(PROMPT): Print the entries below exactly as they appear, from the first line up to and including the line with "6月19日,智慧财经学院在图". Do not print any pictures.

(DATASET):
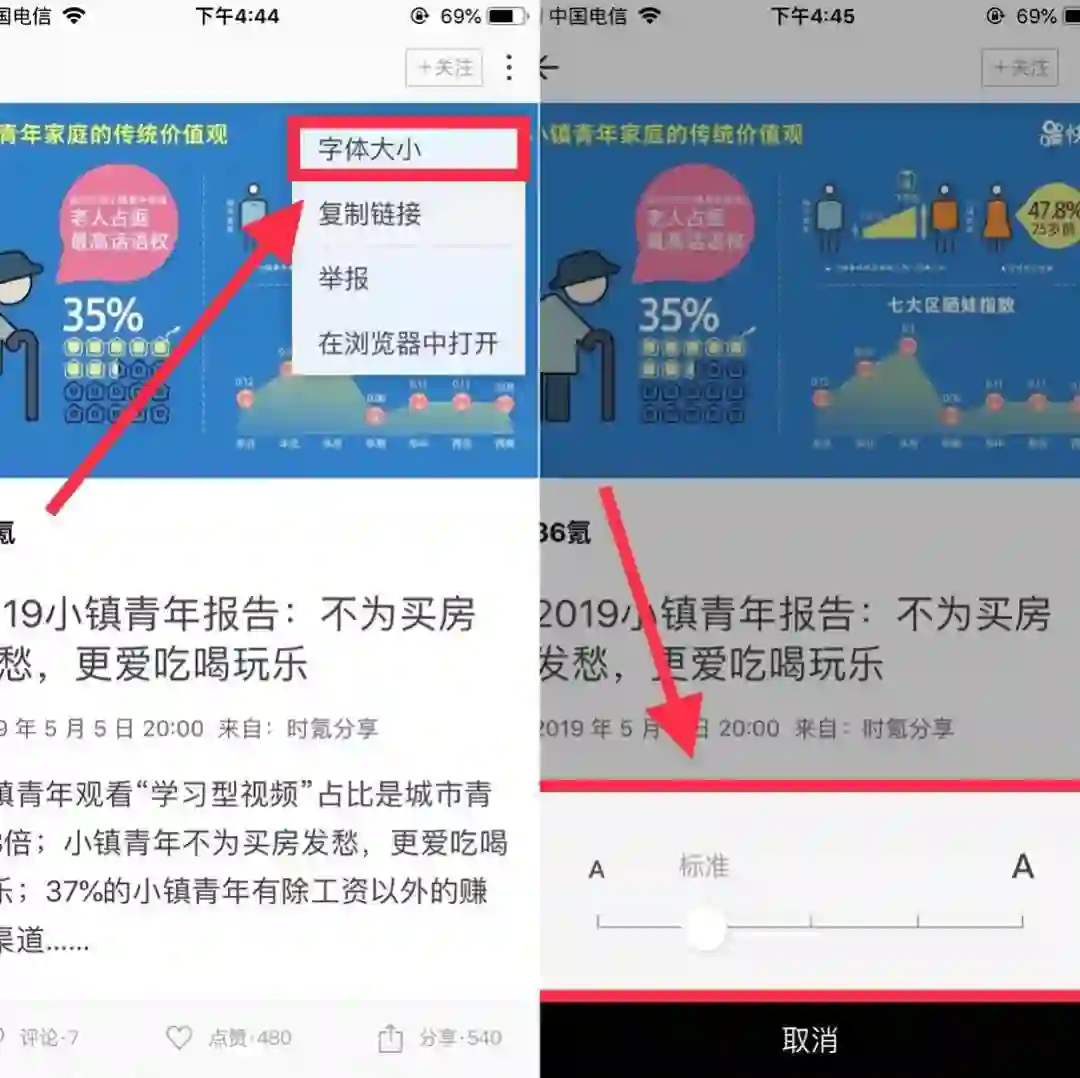 相比于大多数新闻客户端和公众号阅读,字体的大小往往是固定的,由产品统一字号。而红板报可以自定义字体大小一举也可以满足不同用户对字体大小的需求。
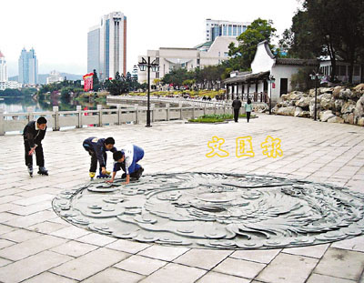從福州西湖公園晨曦廣場走進去,便可看見由25塊青石石塑組合而成的「鸞鳳和鳴」地塑。該地塑呈圓形,翩飛的鳳和凰合圍著一輪圓日,四周點綴雲彩。據製作地塑的惠安工藝師介紹,該雕塑寓意夫妻和諧,既圓圓滿滿,又相親相愛永不分離。
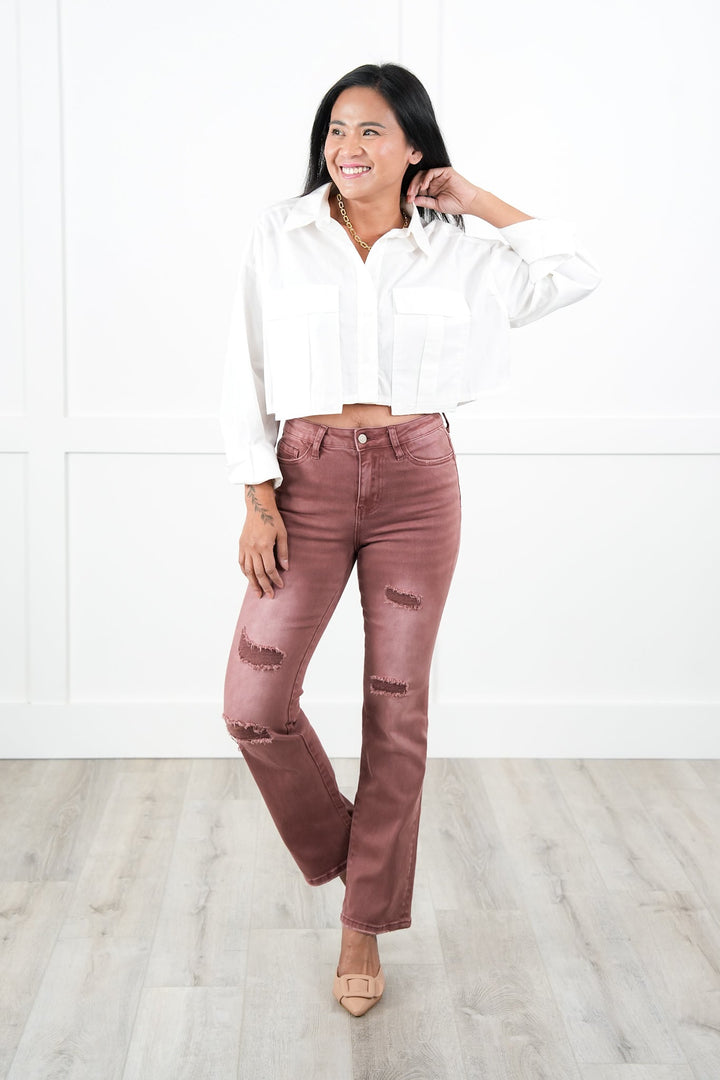 Vervet High Rise Dark Mauve Distressed Bootcut Jeans
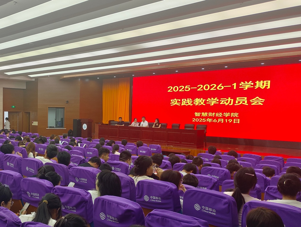 6月19日,智慧财经学院在图文信息中心三楼报告厅召开2023级实践教学动员会,学院党政班子成员、辅导员代表及2023级全体学生参加了会议。会议由汪洪斌主持。
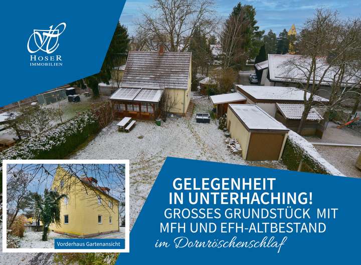 Dieses gut geschnittene, ca. 1000 m2 große Grundstück in einer ruhigen, schönen Wohngegend von Unterhaching bietet großes Potential für Aufteiler, Kapitalanleger oder auch Eigennutzer.
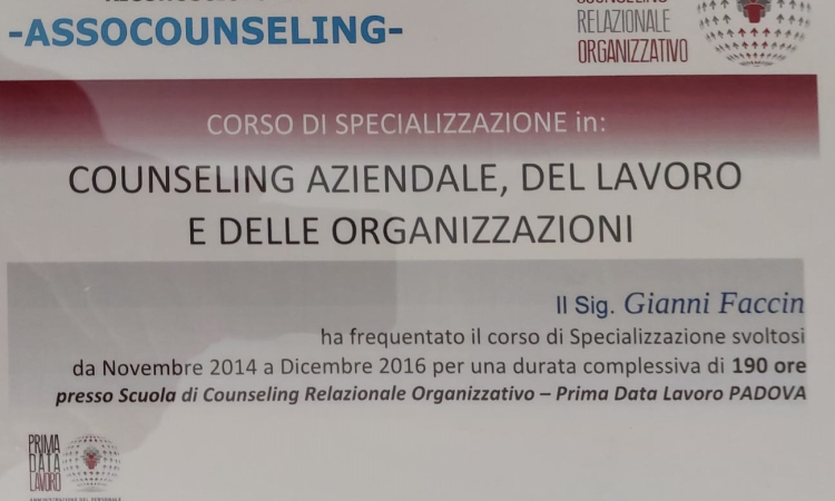 La certificazione professionale, che spesso ha cambiato denominazione, si definisce oggi certificazione di qualità. Da parte mia è una documentazione che possiedo e aggiorno dal 2014, anno di conseguimento del diploma di counselling. Non mi è mai stata richiesta. Per la prima volta ho provveduto a pubblicarla quest'anno, qui nel mio sito professionale. In modo che possa potenzialmente essere fruibile da chi fosse interessato. Anzi no, primariamente l'ho pubblicata perché amo questa professione. In questa uscita del blog pubblico sempre in ambito "counselling" la certificazione, in tal caso di partecipazione, riguardante la specializzazione realizzata in uno dei settori più difficili e fragili: aziende - organizzazioni - mondo del lavoro.
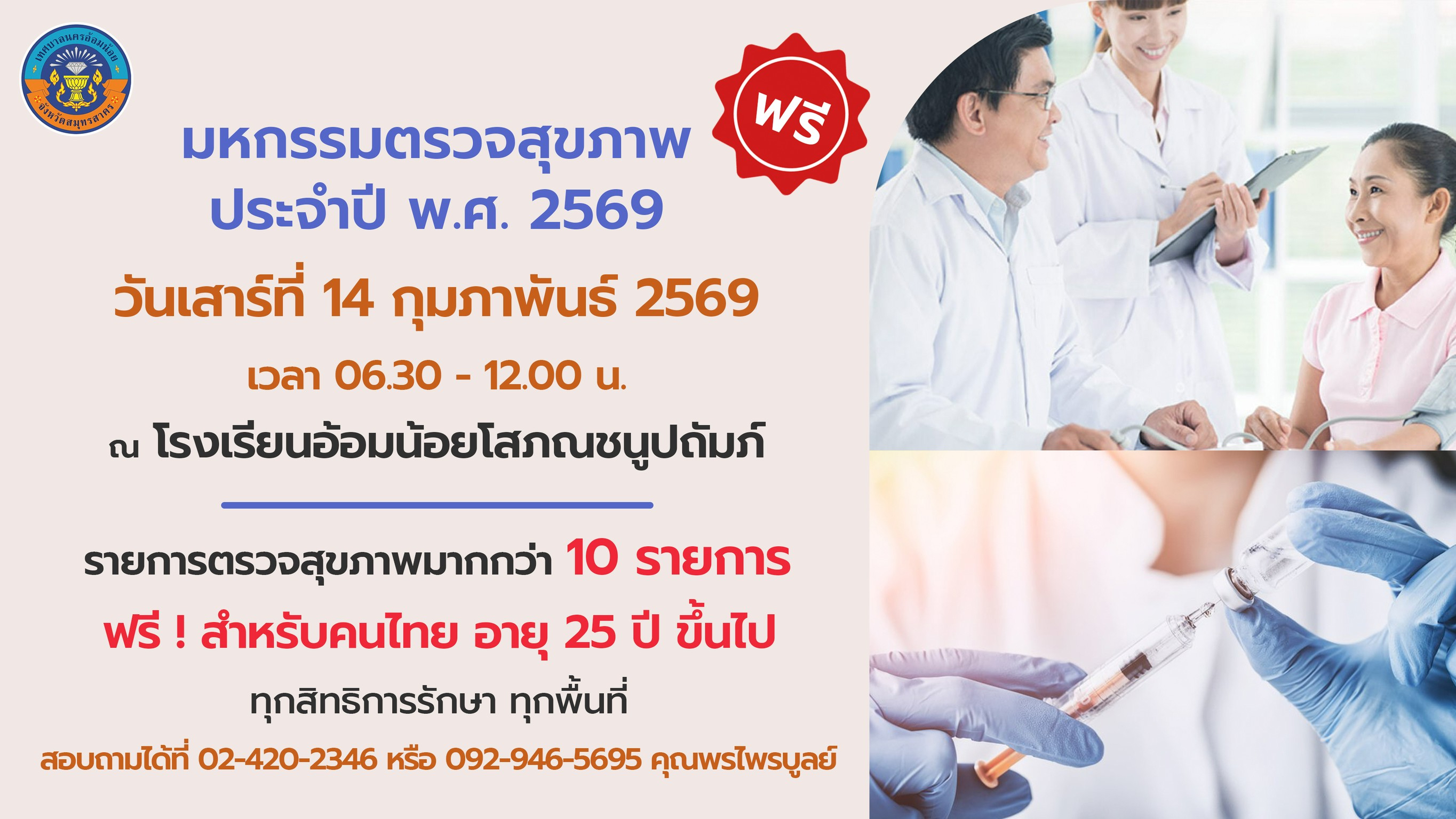 ประชาสัมพันธ์ งานส่งเสริมสุขภาพ ด้านงานอนามัยโรงเรียน กองสาธารณสุขและสิ่งแวดล้อม เทศบาลนครอ้อมน้อย ประจำปีงบประมาณ 2568 ได้ดำเนินการเรียบร้อยแล้ว

(RESULT OF THE TASK):
 相比于大多数新闻客户端和公众号阅读,字体的大小往往是固定的,由产品统一字号。而红板报可以自定义字体大小一举也可以满足不同用户对字体大小的需求。
從福州西湖公園晨曦廣場走進去,便可看見由25塊青石石塑組合而成的「鸞鳳和鳴」地塑。該地塑呈圓形,翩飛的鳳和凰合圍著一輪圓日,四周點綴雲彩。據製作地塑的惠安工藝師介紹,該雕塑寓意夫妻和諧,既圓圓滿滿,又相親相愛永不分離。
 Vervet High Rise Dark Mauve Distressed Bootcut Jeans
 6月19日,智慧财经学院在图文信息中心三楼报告厅召开2023级实践教学动员会,学院党政班子成员、辅导员代表及2023级全体学生参加了会议。会议由汪洪斌主持。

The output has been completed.